On Being a Middle-aged Parent

Parenting is hard. I feel well qualified to make that assessment. My wife and I started our family when we were in our early 20s. Now in our 40s (when did that happen?), we’ve arrived at the point where our older children are leaving home. Determined not to let us be empty-nesters until we’re ready for retirement, God blessed us with a new child just over a year ago.

We now find ourselves experiencing a broad spectrum of parenting all at once. Between our eldest daughter, who works for an insurance firm and pays her own bills, and our youngest son, who is still trying to figure out how his legs work, we have a Star Wars-loving 7-year-old, a 12-year-old just entering adolescence, two teenagers living at home and one away at college. That makes seven altogether (unless I lost count).

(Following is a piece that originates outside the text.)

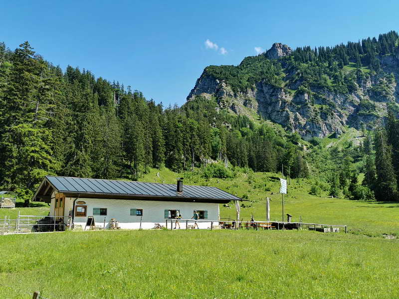 Die Brachtalm bietet Almbrotzeiten, Kuchen und Getränke an, und wer beim Aufstieg sehr geschwitzt hat, kann sich in der almeigenen Dusche erfrischen (siehe Foto).
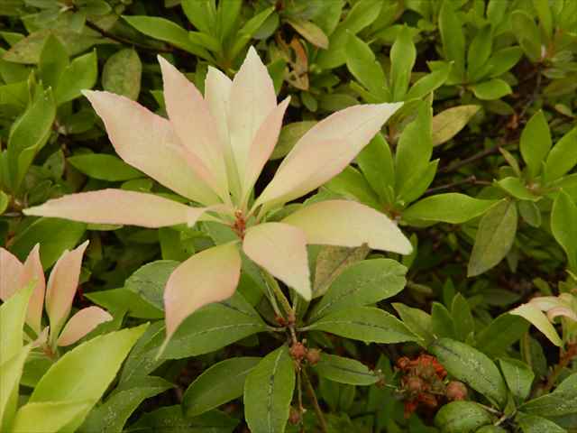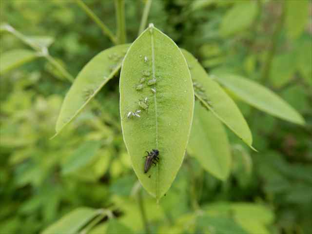 ヤマハギの新葉。アブラムシとそれを食べるテントウムシの幼虫がいました。

Someone asked us recently if having a baby at our age has been good for us. As anyone with children knows, infants are hard work. They demand your full attention day and night and there are no days off. When you become a parent, there is a monumental paradigm shift. You are no longer the most important person in your own life. From that moment forward, someone else’s needs always come before your own.

With infants, that need is immediate. They need feeding. They need changing. They need holding. They need rocking. They need, they need, they need, and you give and give and give. They have no respect for your schedule. They don’t care that you are exhausted. A day you manage to get four hours of sleep and a shower is considered a good day. Parenting an infant is like running a marathon you never trained for – while holding a screaming baby.

It’s one thing to endure all this in the vigor of your 20s. It’s quite another to do it in your 40s. You don’t weather sleepless nights quite as well. You are a bit more set in your ways. And you were so looking forward to the freedom that having older, more independent children allows.

One thing that comes from being older parents is the knowledge that this age of utter dependence is mercifully, if also heartbreakingly, brief. As children grow, certain things get easier. They learn to walk so you don’t have to carry them. They learn to talk so they can better communicate their needs. They learn to feed themselves, bathe themselves and dress themselves. Each step toward independence means a little more freedom for mom and dad. But it also breaks your heart a little.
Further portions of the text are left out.